А здесь? Здесь за что люди погибли?
Негодяй он, этот кудлатый, сволочь и негодяй! И хватит с ним возиться — пора кончать допрос! Я поднял глаза на Сиверцева: он подался вперед и в упор смотрел на стол — на часы, на портсигар...
Лодка, высоко задрав нос с большими буквами «ЛПХ» и цифрой «17», мчалась вверх по реке, к Тозу.
Пассажиры молчали: какие уж тут разговоры, коли на моторе пьяный! Держался, правда, моторист, как ни в чем не бывало, и глаза смотрели обычно, и лицо покраснело в меру.

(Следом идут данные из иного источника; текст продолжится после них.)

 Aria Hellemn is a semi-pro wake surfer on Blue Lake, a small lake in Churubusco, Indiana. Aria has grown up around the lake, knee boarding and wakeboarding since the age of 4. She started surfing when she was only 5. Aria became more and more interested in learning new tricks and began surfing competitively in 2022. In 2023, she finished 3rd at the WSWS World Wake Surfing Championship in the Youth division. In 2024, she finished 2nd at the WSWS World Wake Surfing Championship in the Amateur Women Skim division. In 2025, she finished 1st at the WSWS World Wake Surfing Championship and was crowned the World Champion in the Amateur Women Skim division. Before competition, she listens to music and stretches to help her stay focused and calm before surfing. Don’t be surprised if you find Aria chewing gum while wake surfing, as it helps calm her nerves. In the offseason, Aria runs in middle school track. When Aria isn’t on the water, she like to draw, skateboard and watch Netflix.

Но солдат остался рядом с кудлатым. Известно же: пьяному море по колено, а лужа по уши! Кто знает, что ему в голову взбредет! Так хоть чтобы рядом с ним быть, — может, мотор перехватить, если что...

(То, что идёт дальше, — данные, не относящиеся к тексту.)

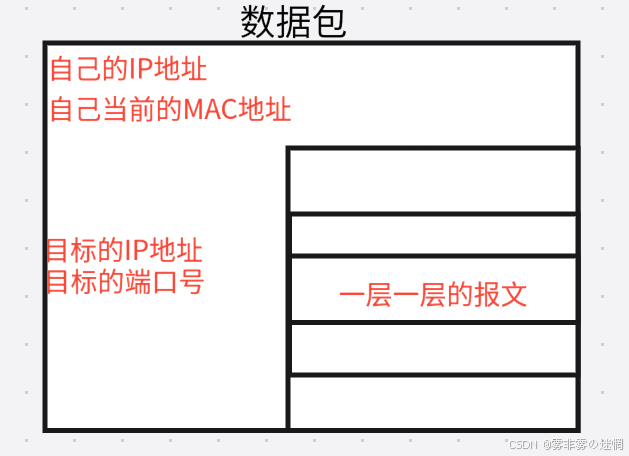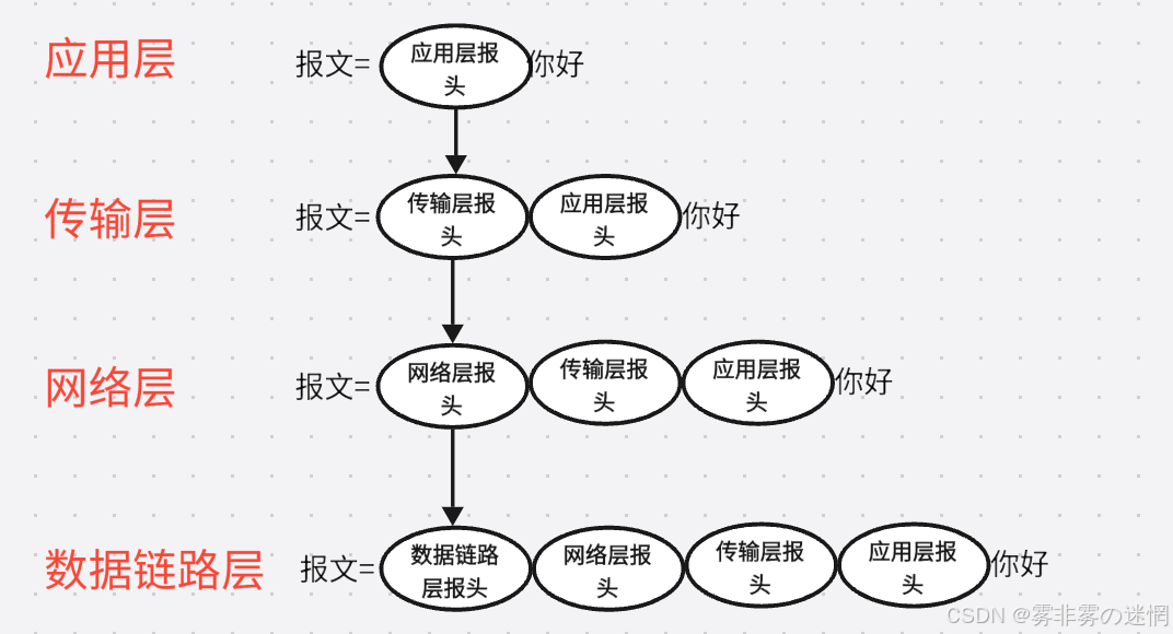学习通信过程之前,我们需要先知道报文:报文=报头(每层的识别标志)+有效载荷(数据内容)

Девочка уже выспалась и теперь, сидя подле матери, то и дело опускала ручки в воду и звонко смеялась, когда радужные струйки окатывали ей локоть, а то и плечо.
Солнце ушло вправо, к западу, и только изредка било длинными косыми лучами сквозь мохнатые пихты на верхушках отступивших от реки гор. Весь правый берег за Мзасской скалой был огромной местами заболоченной поймой. Скалы теперь перешагнули через реку и громоздились слева — здесь было глубоко даже летом, когда полая вода уходит и когда Мрассу в иных местах переходят вброд. Скалы здесь отвесно уходили под воду метров на двадцать.
Женщина, запрокинув голову, завороженно смотрела вверх, на сосны, неизвестно как взобравшиеся на уступы скал, на серевший в расселинах снег. Вот уж такого она не видела: в мае — и снег!..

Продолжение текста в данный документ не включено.